» **Exercise details**
Report each line from the records where the string "Expiración" turns up.

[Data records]

------

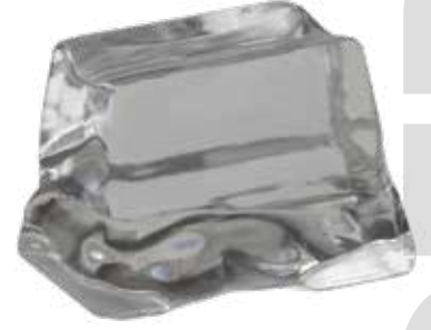
*26 x 36 x 23 (14 Gr.)
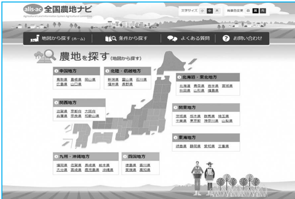
全国農業会議所 農地ナビ https://www.alis-ac.jp/

平成26年に施行された改正農地法に基づき、平成27年4月よりインターネット上で農地情報を確認することができる農地ナビが設置されました。この農地ナビは、全国の農地に関する情報を広く公開することで、認定農業者等の担い手の経営規模の拡大や農業への新規参入等を希望する方々に農地情報を提供し、農地利用の促進や集積・集約化を進めることを目的としています。農業委員会が作成している農地台帳の項目のうち、改正農地法で公表することと定められた項目と農地の地図情報を合わせてインターネット上で公表しています。
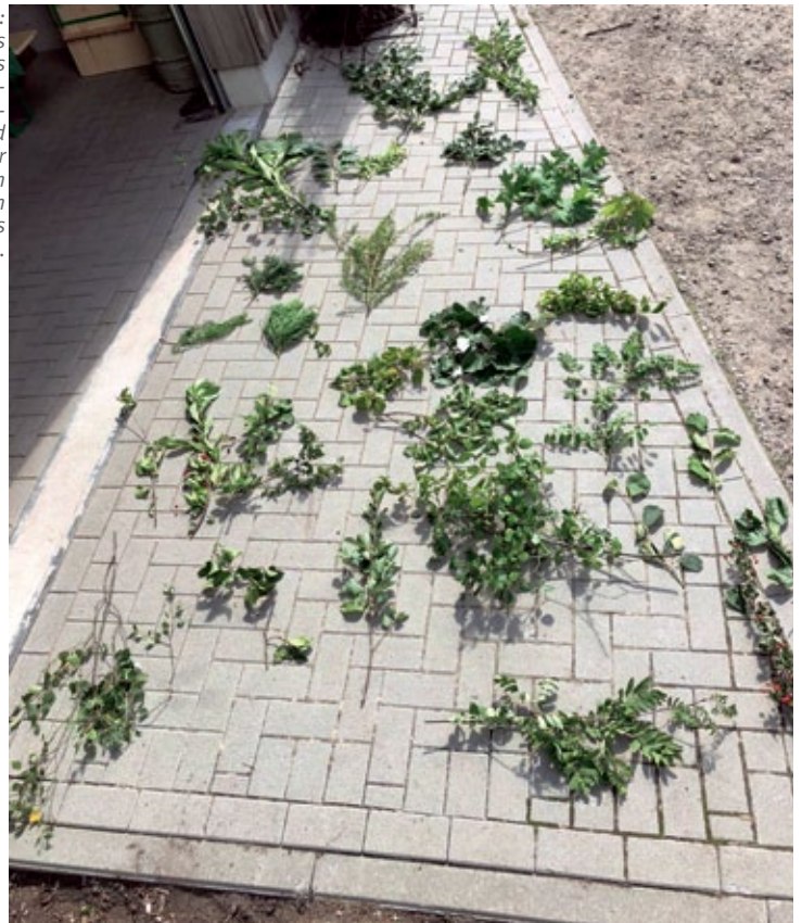
Gesammelte Werke: Im Rahmen ihres Pflanzenkunde-Abos studierten die ange- henden Landschafts- gärtnerinnen und Landschaftsgärtner zahlreiche Stauden und weitere Pflanzen von der Wurzel bis zur Knospe.
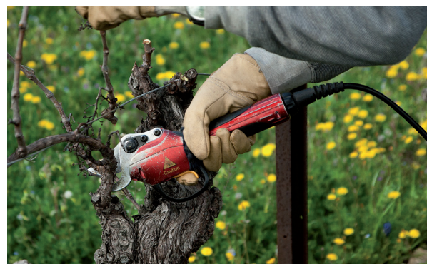
Winzermesser anstatt Lanze.

Wenn wir uns seiner Anziehungskraft nicht entziehen und uns nicht ablenken lassen, ziehen wir nicht mehr mit dem Schwert unserer Besserwis-
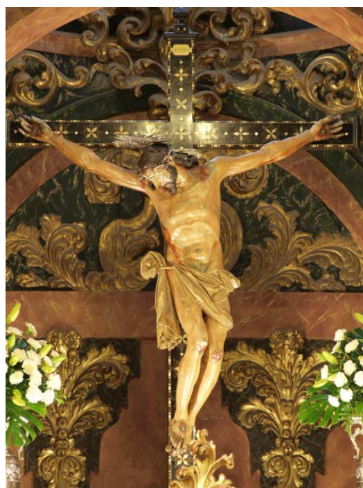
▪ Fig. 1. Cristo de la Expiración. Órgiva (Granada). Iglesia parroquial de Ntra. Sra. de la Expectación. Atrib. Pablo de Rojas, c. 1590.

aproximadamente, a caballo entre las citadas obras de la granadina Basílica de las Angustias (1582) y la del Cristo de la Esperanza de la Sacristía de Beneficiados de la Catedral de Granada (1592). Esta imagen, a diferencia de la hipótesis que formulábamos en la introducción, parece ser que pudo ser adquirida en 1815, en Granada, por veinte reales de vellón, y uno más por escriturarla. La talla sería trasladada a caballo, tardándose en ello cuatro días. Dicha información viene recogida en la página web de la Hermandad del Cristo de la Expiración 14 (Figs. 1 y 2).
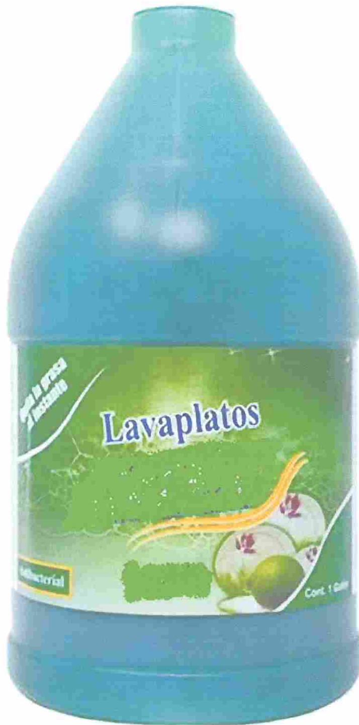
GALON DE LAVAPLATOS LIQUIDO
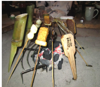
囲炉里端で若竹酒・一升べら 珍味の山椒魚・鮎の塩焼き etc.
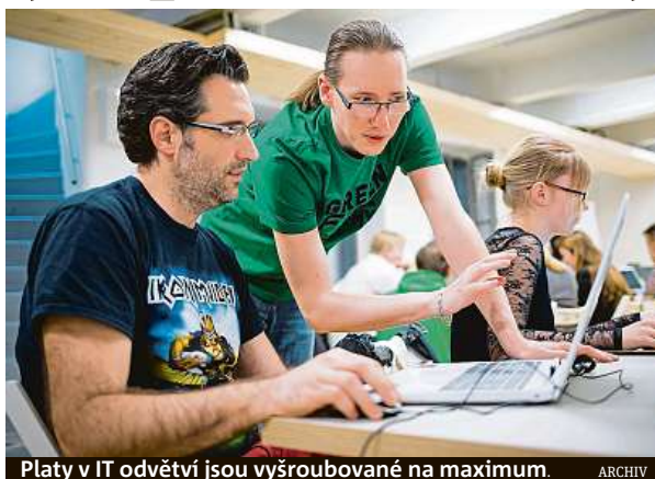
Platy v IT odvětví jsou vyšroubované na maximum.
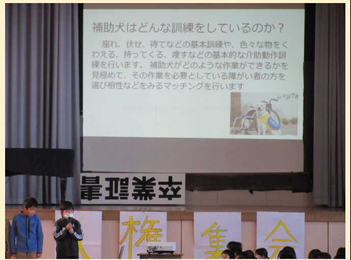
4年生発表(体の不自由な人を支える動物たち)
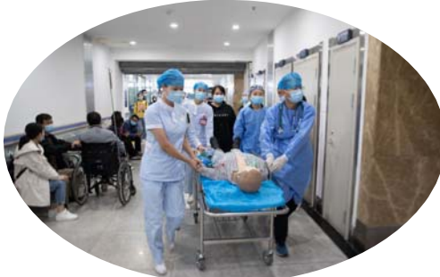
▲门诊部开展急救应急演练

------

» **Exercise result**
▪ Fig. 1. Cristo de la Expiración. Órgiva (Granada). Iglesia parroquial de Ntra. Sra. de la Expectación. Atrib. Pablo de Rojas, c. 1590.
aproximadamente, a caballo entre las citadas obras de la granadina Basílica de las Angustias (1582) y la del Cristo de la Esperanza de la Sacristía de Beneficiados de la Catedral de Granada (1592). Esta imagen, a diferencia de la hipótesis que formulábamos en la introducción, parece ser que pudo ser adquirida en 1815, en Granada, por veinte reales de vellón, y uno más por escriturarla. La talla sería trasladada a caballo, tardándose en ello cuatro días. Dicha información viene recogida en la página web de la Hermandad del Cristo de la Expiración 14 (Figs. 1 y 2).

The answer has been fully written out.